= Captain's clerk =

Former naval rating

A captain's clerk was a rating, now obsolete, in the Royal Navy and the United States Navy for a person employed by the captain to keep his records, correspondence, and accounts. The regulations of the Royal Navy demanded that a purser serve at least one year as a captain's clerk, so the latter was often a young man working his way to a purser's warrant. He had high status, with an office on the quarterdeck or upper deck on most ships. He was paid at the same rate as a midshipman in 1800, but by 1815 he had almost the same monthly pay as a standing warrant officer. On large ships, he had his own cabin in the gunroom, but on smaller vessels he lived with the midshipmen on the orlop deck.

== Duties ==
Once commissioned, a ship required a great deal of paperwork to keep her in good order. The recognized office staff consisted of captain's clerk, the purser, and the purser's steward. On most ships the first lieutenant was allowed a "writer" to help him draw up the watch and station bills, chosen from among the most literate landmen, otherwise the paperwork was done by the officers themselves. Occasionally the clerk had clerk's assistants, similar to how most warrant officers had mates.
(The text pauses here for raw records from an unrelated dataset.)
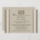 Cette invitation de réception après mariage présente un aspect de papier parchemin comme point focal avec un encart en toile de jute qui contient le monogramme de votre nom de famille et vos monogrammes initiaux de chaque côté. De part et d'autre de l'aspect papier parchemin se trouve une toile de jute marron clair avec une bande plus claire qui la traverse. Tous les détails de votre réception après mariage peuvent être personnalisés sur ce design, y compris la date et le lieu de votre mariage. Une merveilleuse façon d'inviter vos invités à une réception après mariage. Copyright henishouseofpaper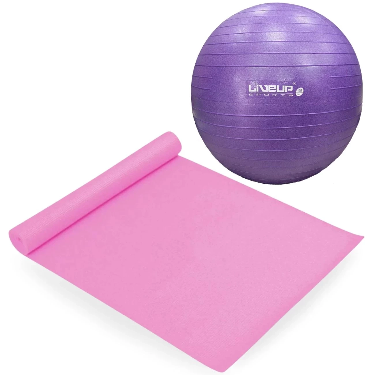 Kit Bola Anti Estouro Pilates Roxa 55 Cm + Bomba Inflar + Colchonete Rosa 1,73m Academia Treino Yoga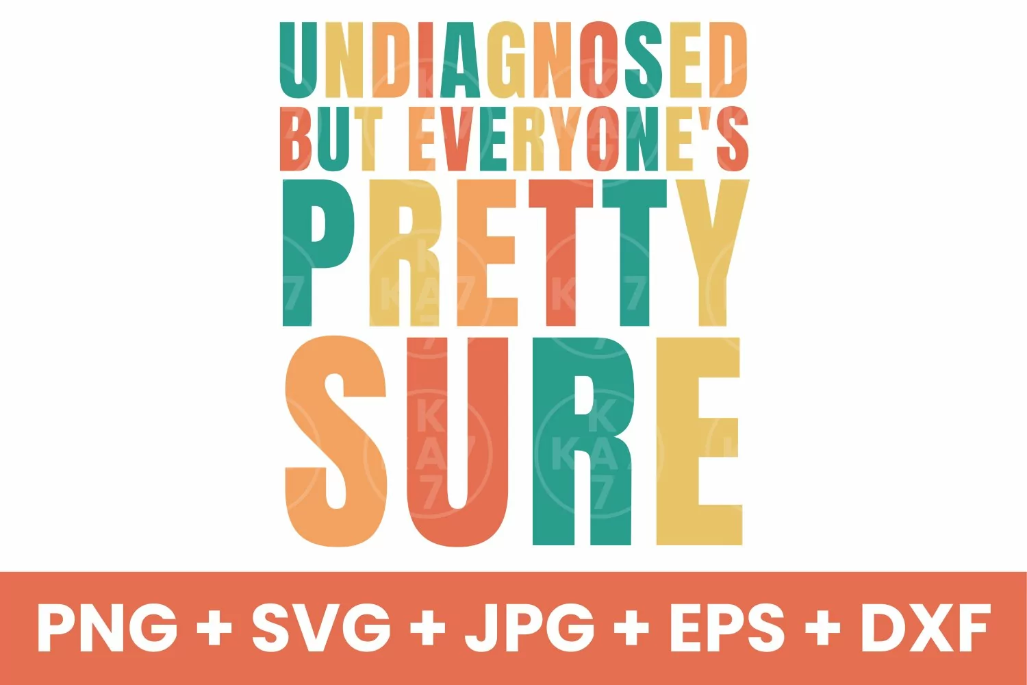 Add some retro humor to your crafting projects with the 'Undiagnosed But Everyone's Pretty Sure' design. This vintage-style artwork is perfect for creating custom t-shirts, mugs, tote bags, and home decor with a sarcastic and funny twist.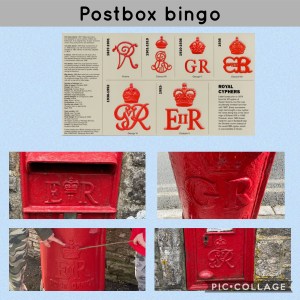 On my favourite podcast With Me Now, the presenters started a conversation about post boxes. It was one of those conversations that spiked my interest and on our walk on Thursday we started to look at the different ciphers on the letter boxes. I then found a visual about the insignias and on each walk since, we’ve been looking for different post boxes. Its a great idea and has added something to our daily walks. With this week’s wet weather we’ve been on the streets rather than through the fields which could be a bit muddy.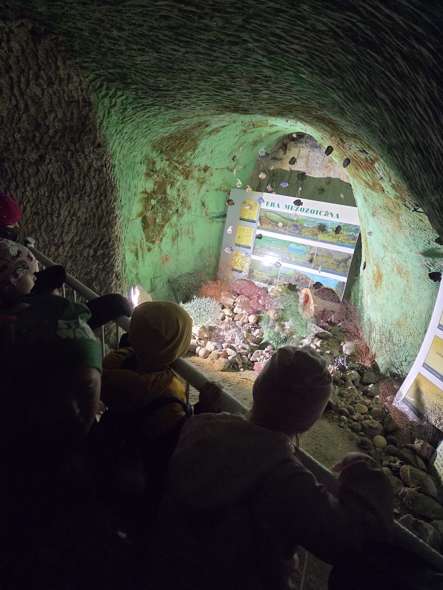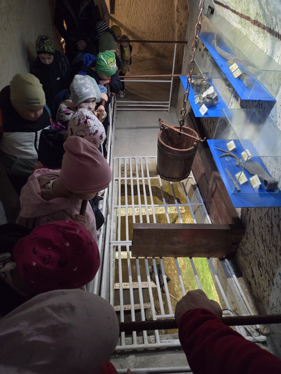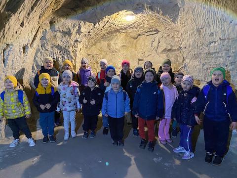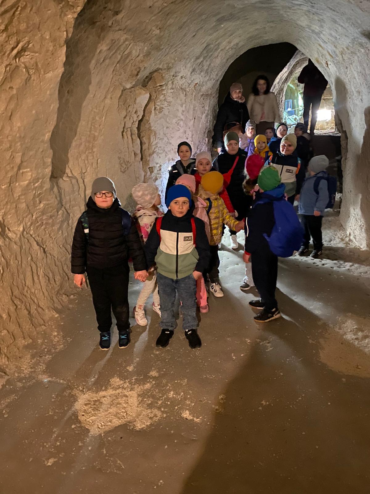 Kolejnym punktem programu było zwiedzanie podziemi kredowych w kopalni kredy „Bieluch”. Dzieci miały okazję poznać wiele ciekawostek – dowiedziały się, do czego wykorzystuje się kredę, jak wyglądał proces jej wydobycia oraz dlaczego w herbie miasta Chełm znajdują się trzy dęby i biały niedźwiedź. Ogromne emocje wzbudziło spotkanie z dobrym duchem Bieluchem, które dostarczyło wszystkim wiele radości i niezapomnianych wrażeń.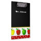 Elegante portapapeles de profesores, hecho en negro, con gráficos de una banda colorida, en el fondo, con manzanas y puntos de polka. Personalice el texto blanco, en la parte superior, para que se ajuste a sus necesidades.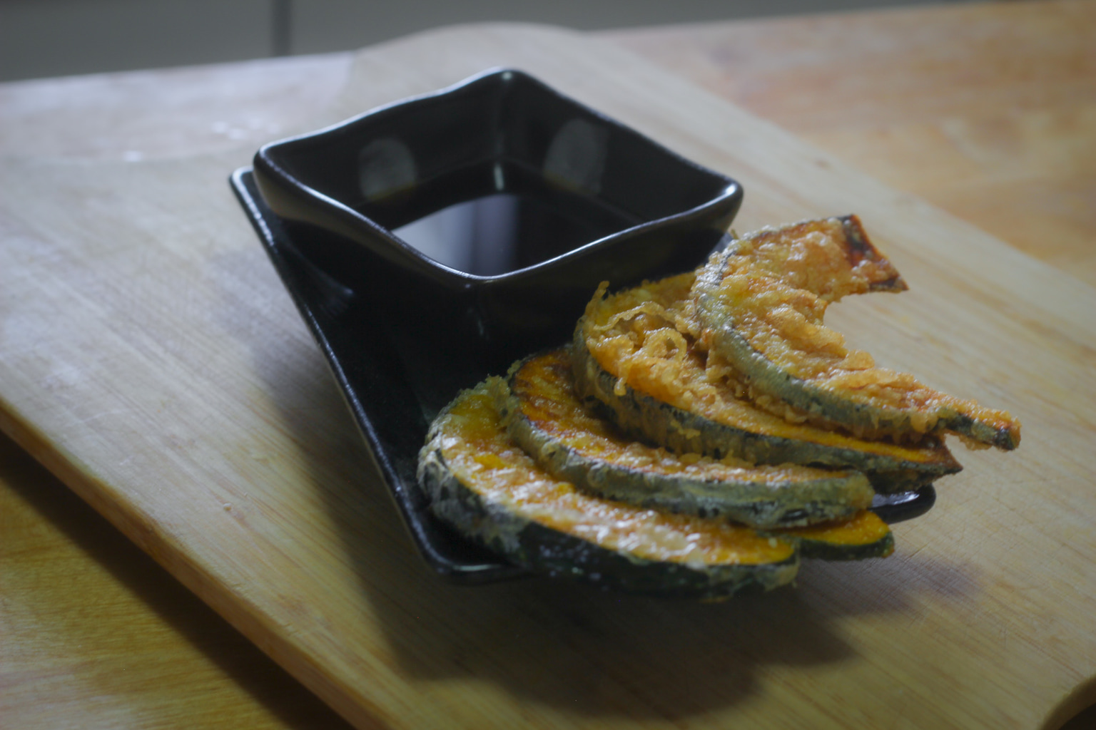 Temperature control is essential when cooking tempura. It’s said that the perfect tempura is made between 170-180 degrees C°. For those who have a kitchen thermometer now’s the time to use it. For the rest of us, we’ll just have to guess. Once the oil is hot place, the pumpkin into the batter and then into the hot oil. It’s important not to overcrowd the pot as that will lead to greasy undercooked tempura. Once the tempura has become a golden brown place it on a wire rack to cool. Repeat until all the pumpkin has been cooked and served with the dipping sauce of your choice.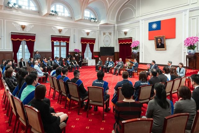 訪賓一行由台灣連鎖暨加盟協會理事長蔡德忠率領,經濟部次長賴建信陪同,前來總統府晉見總統,總統府秘書長潘孟安也在座。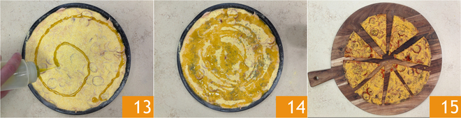 Pour the mixture into a 12.5-inch non-stick pan, greased and floured 10, and level it well 11. Sprinkle the surface with cornmeal 12.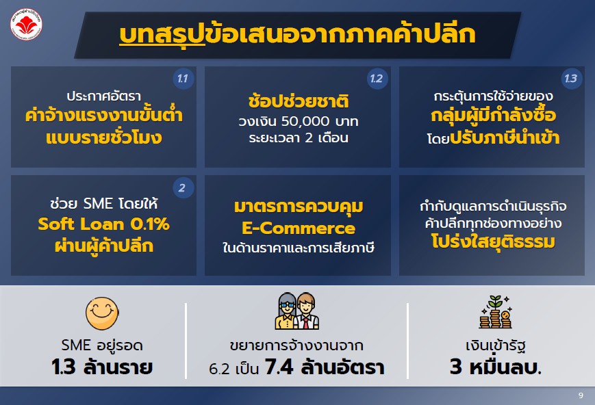 2.ขับเคลื่อน SME ให้อยู่รอดและแข็งแรง เสนอให้มีการปล่อยเงินกู้ดอกเบี้ยต่ำ (Soft Loan) 0.1% ผ่านผู้ค้าปลีกรายใหญ่ โดยใช้งบประมาณ 25,000 ล้านบาท จากวงเงิน 5 แสนล้านบาท ที่รัฐตั้งไว้แล้ว เร่งจ่ายเงิน SME ขนาดเล็กจากเดิม 30 วัน เป็นภายใน 7 วัน ส่งผลให้สามารถเพิ่มสภาพคล่องสู่ SME กว่า 5 แสนรายและไม่สร้างหนี้เสียให้ธนาคารพาณิชย์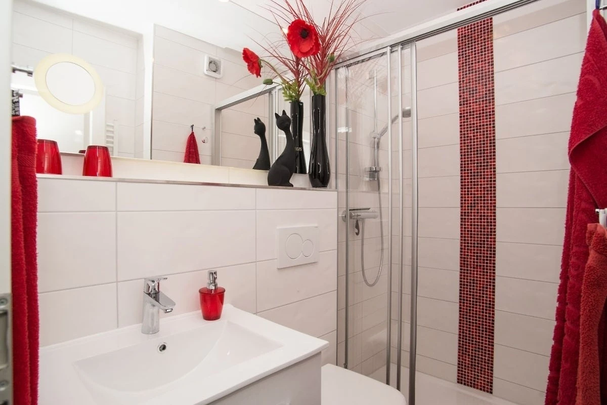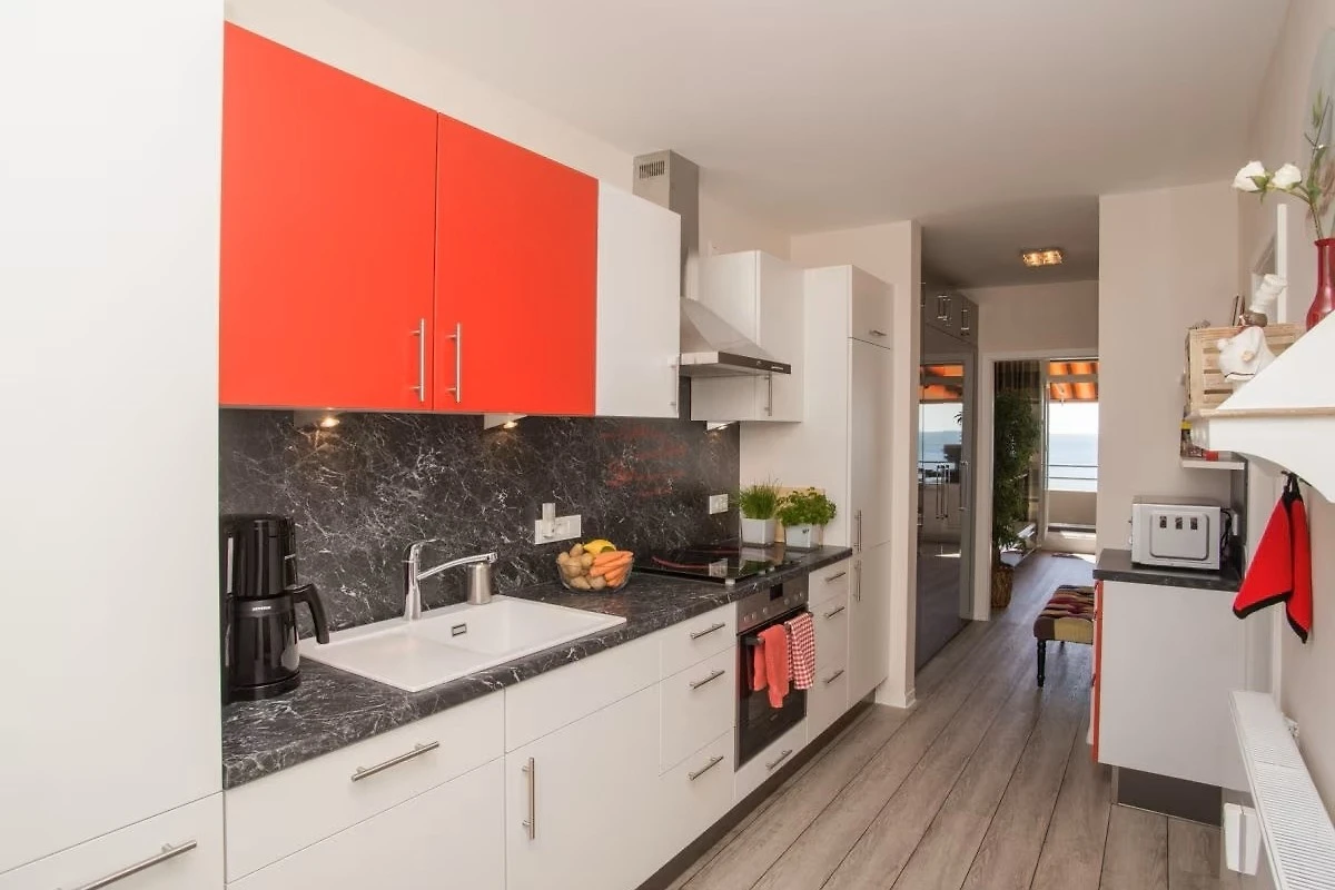 Bettwäsche und Handtücher können Sie getrost zuhause lassen. Sie können die Wäsche, pro Person je 1 Handtuch, 1 Duschtuch und 1 Küchenhandtuch, gegen Gebühr ausleihen. Die Betten sind dann selbstverständlich bereits, mit farblich abgestimmter Bettwäsche, frisch bezogen und Ihr Urlaub beginnt sofort. Die Küche ist komplett eingerichtet!! Lassen Sie alles zu Hause, was Sie zum Kochen benötigen könnten. Das Rezept im dritten Kochbuch von links, Seite 17, ist übrigens sehr zu empfehlen und schmeckt toll! Geniessen Sie das gemeinsam gekochte Essen, bei einem Glas Rotwein, anschliessend auf dem Balkon mit Blick auf die glitzernde Ostsee.

In order to have his accounts passed at the Admiralty, a captain had to present at least 25 different completed books and forms. Some were quite simple, such as a copy of his commission, others were complex, such as the two copies of the log book or the muster book which had to be sent periodically. The main job of the captain's clerk was to prepare these documents, and to copy out the general correspondence of the captain. The captain's clerk worked closely with the purser, especially regarding the muster book which was used to determine how much to feed the crew.

==End of rating==
By 1837, a Royal Commission sat for the purpose of determining the modes of promotion and retirement for naval officers, and one of their recommendations was to reduce the number of pursers, and to create an examination for clerks and all rated ships were to carry two clerks, one of which, a "passed clerk", had passed the examination. By 1852, the rank of purser was renamed Paymaster of the Navy, a distinct rating of Clerk's Assistant was created, for boys between 15 and 18, who took the same examinations on entry as naval cadets and had to serve for two years in the rank prior to promotion to clerk. A "passed clerk" was appointed by commission and ranked with a mate, while clerk and clerk's assistants were appointed by order in the same way as midshipmen and cadets, and continued to live in the gunroom or midshipmen's berth. In 1855, passed clerks received the title Assistant Paymaster, and in 1918, the rating Clerk disappeared when the paymasters received new military titles. Assistant Paymasters became Paymaster Sub-lieutenants, Clerk became Paymaster Midshipmen and Assistant Clerks, Paymaster Cadets.

==United States Navy==
Clerk was an official rating of the United States Navy beginning in 1794 and clerks for commanders of naval vessels were termed the captain's clerk. The rating initially were paid slightly more than a midshipman and master's mates, reflecting a similar status aboard ship and with their counterparts in the Royal Navy. In 1835 the rating was disestablished and renamed yeoman, and unlike the Royal Navy evolved into a petty officer specialty not a type of commissioned officer.

President Andrew Jackson's "special confidential agent" Edmund Roberts embarked on the USS Peacock in 1832 and was rated as the captain's clerk, on his way to serve as envoy to Cochin-China.